O facto de existir uma plantação de árvores, não implica, só por si, a ocorrência das alterações, no relevo ou no solo, que a lei exige como carecidas de licenciamento municipal; seria necessário que a Administração verificasse, em concreto, que tais acções de aterro ou escavação tinham ocorrido, fosse isso devido à plantação dos pinheiros ou a qualquer outra causa, tanto mais que o particular visado alega que tal não aconteceu.
A situação de facto configurada no despacho em causa, não é, assim, subsumível ao preceituado no DL n.º 139/89, de 28-04, pelo que o mesmo padece do vício de violação de lei por erro nos pressupostos de facto, o que, como bem decidiu a sentença recorrida, o torna anulável.
Acresce, relativamente ao segmento do acto impugnado que, com base no disposto no artigo 35, do Plano Director Municipal de Soure, aprovado pela Resolução do Conselho de Ministros n.º 158/94, de 27-07, determina a retirada dos pinheiros plantados na área e perímetro urbano, para além de tal regulamento não ser aplicável à situação do autos, ocorrida em Fevereiro de 1994 - facto dado como assente por confissão (cfr. ponto 1, da matéria de facto) -, por implicar, em violação do artigo 12 do C. Civil, a sua aplicação retroactiva, o certo é que, como bem refere a decisão recorrida, nem a disposição invocada nem qualquer outra norma do PDM em causa proíbe arborização no perímetro urbano de Soure, tanto mais que, como acima se viu, não foi constatada qualquer ilegalidade, designadamente a sujeição da plantação a licenciamento municipal.

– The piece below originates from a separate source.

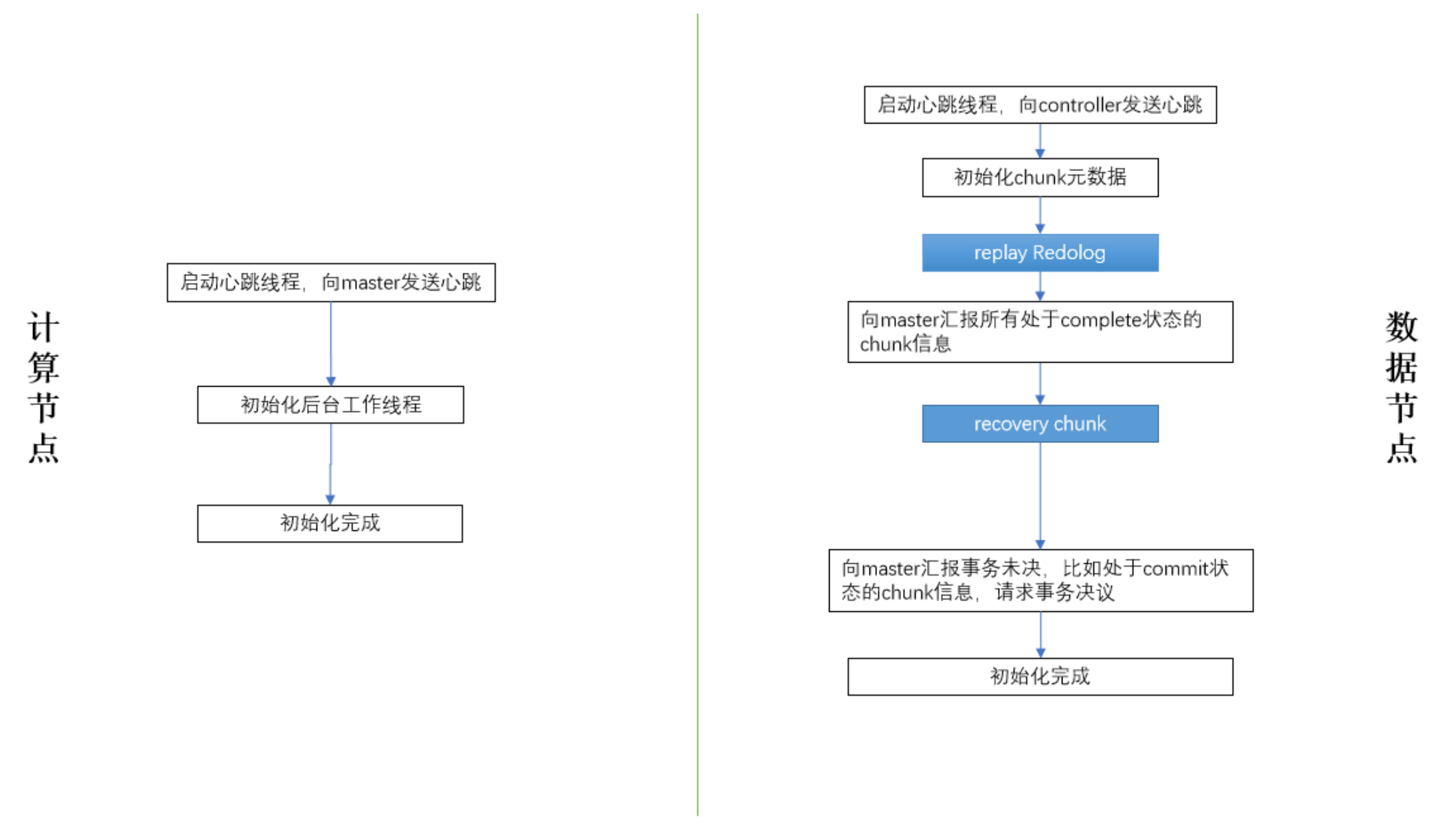 如图,当数据节点启动时,流程中的蓝色标记部分:“回放 redo 日志”,“恢复损坏的 chunk” 等包含了大量的 IO 操作,实际生产环境中耗时为分钟级(具体视数据量大小而定)。而计算节点流程十分精简,可以在秒级完成启动。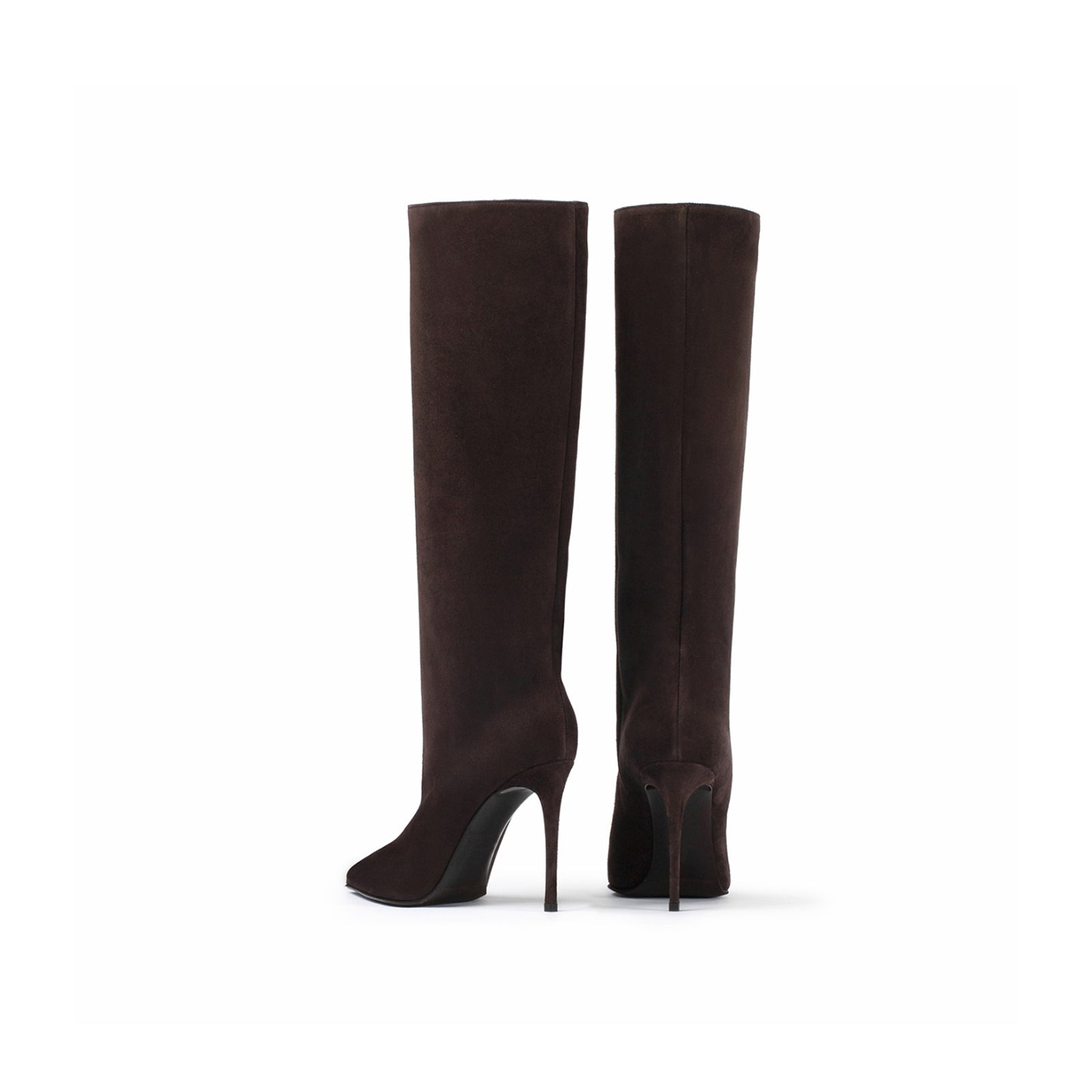 Brown Faux Suede Pointed-Toe Simple Wide Calf Knee High Tall Stiletto Boots.

Nesta parte, tal como se decidiu, o despacho contenciosamente impugnado padece, também, de erro nos pressupostos de direito, o que, configurando vício de violação de lei, o torna, igualmente, anulável.
Improcedem, assim, todas as conclusões da alegação da recorrente, pelo que é de manter a decisão recorrida.
Nos termos expostos, acordam negar provimento ao recurso.
Sem custas.
Lisboa, 25 de Janeiro de 2006. – Freitas Carvalho (relator) – Adérito Santos – Santos Botelho.